Individual repositories

Repository admin

Web UI and API

Manifest pulled from repository (MANIFEST_PULL)

Individual repositories

Repository admin

Web UI and API

Manifest deleted from repository (MANIFEST_DELETE)

Individual repositories

Repository admin

Web UI and API

Security scan completed (SCAN_COMPLETED)

Individual repositories

Repository admin

Web UI and API

Security scan failed (SCAN_FAILED)

Individual repositories

Repository admin

Web UI and API

Image promoted from repository (PROMOTION)

Individual repositories

Repository admin

Web UI and API

Image mirrored from repository (PUSH_MIRRORING)

Individual repositories

Repository admin

Web UI and API

Image mirrored from remote repository (POLL_MIRRORING)

Individual repositories

Repository admin

Web UI and API

Repository created, updated, or deleted (REPO_CREATED, REPO_UPDATED, and REPO_DELETED)

Namespace, organizations

Namespace, organization owners

API only

Security scanner update completed (SCANNER_UPDATE_COMPLETED))

Global

MSR admin

API only

You must have admin privileges to a repository or namespace in order to subscribe to its webhook events. For example, a user must be an admin of repository “foo/bar” to subscribe to its tag push events. A MSR admin can subscribe to any event.

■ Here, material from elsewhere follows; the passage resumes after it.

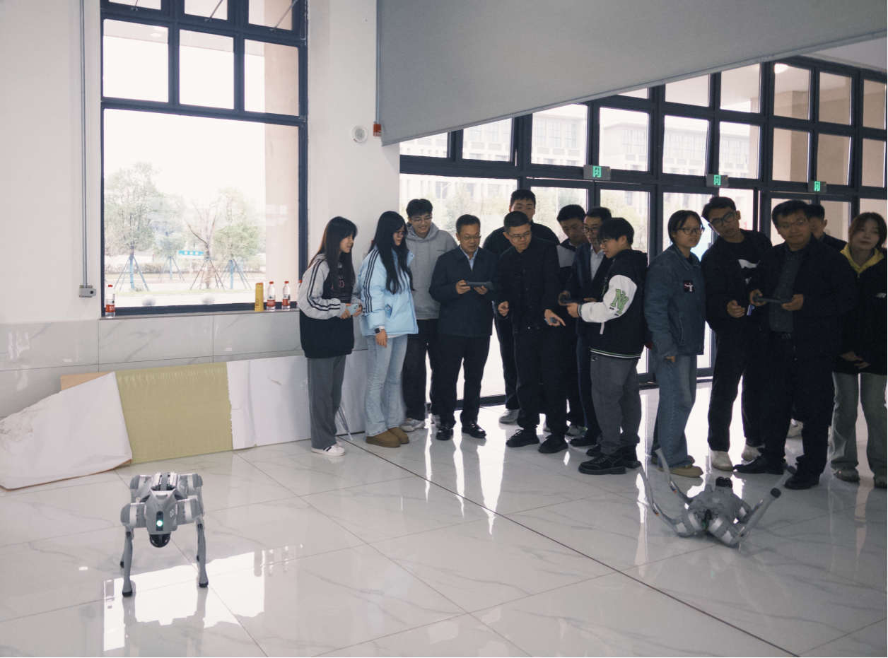学院临时党委书记、法定代表人贺代贵现场体验机器狗操作

Manage repository webhooks with the web interface

Prerequisites

  • You must have admin privileges to the repository in order to create a webhook.

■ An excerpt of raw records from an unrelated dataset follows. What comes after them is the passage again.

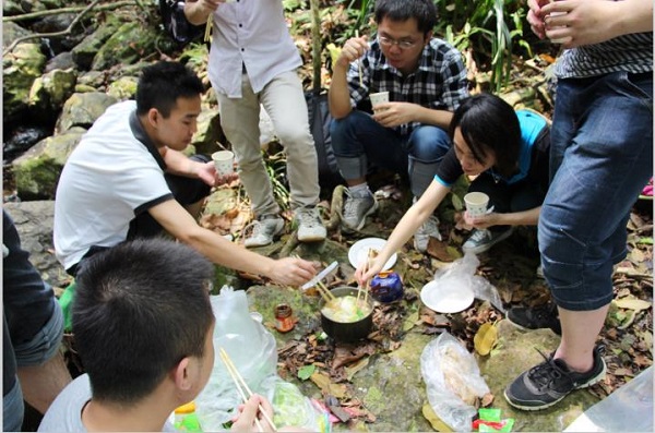 4月19日,智博体育在线app官网举办了四月员工生日月活动,此次员工生日月活动选址在惠州与深圳交界处名为情人谷的地方,四月生日月员工共有13人参加了此次活动。生日月员工一行穿行过金龟村之后,到达活动目的地情人谷。大家在领队的带领下自制火锅,享用过野外火锅后,继续沿着溪水溯溪而行,全程共徒步行走了17.4公里。
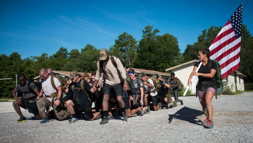 Members perform team lunges as part of the GORUCK Cohesion Challenge Sept. 11, at Eglin Air Force Base, Fla. This elite team-building event, led by a Special Forces veteran, featured military inspired challenges and missions. Only 24 out of the original 27 completed all obstacles. Eglin is the fifth base to complete the Team Cohesion Challenge. (U.S. Air Force photo/Tech. Sgt. Jasmin Taylor)
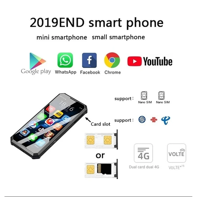 | Super Mini Melrose 2019 END Smartphone 1GB/2GB 8GB/32GB 4G Lte 3.46'' MTK6739V Quad Core Android 8.1 Fingerprint Mobile Phone |

  • See Webhook types a list of events you can trigger notifications for using the web interface.

Create a webhook for your repository

  1. In your browser, navigate to https://<msr-url> and log in with your credentials.

  2. Select Repositories from the left-side navigation panel, and then click on the name of the repository that you want to view. Note that you will have to click on the repository name following the / after the specific namespace for your repository.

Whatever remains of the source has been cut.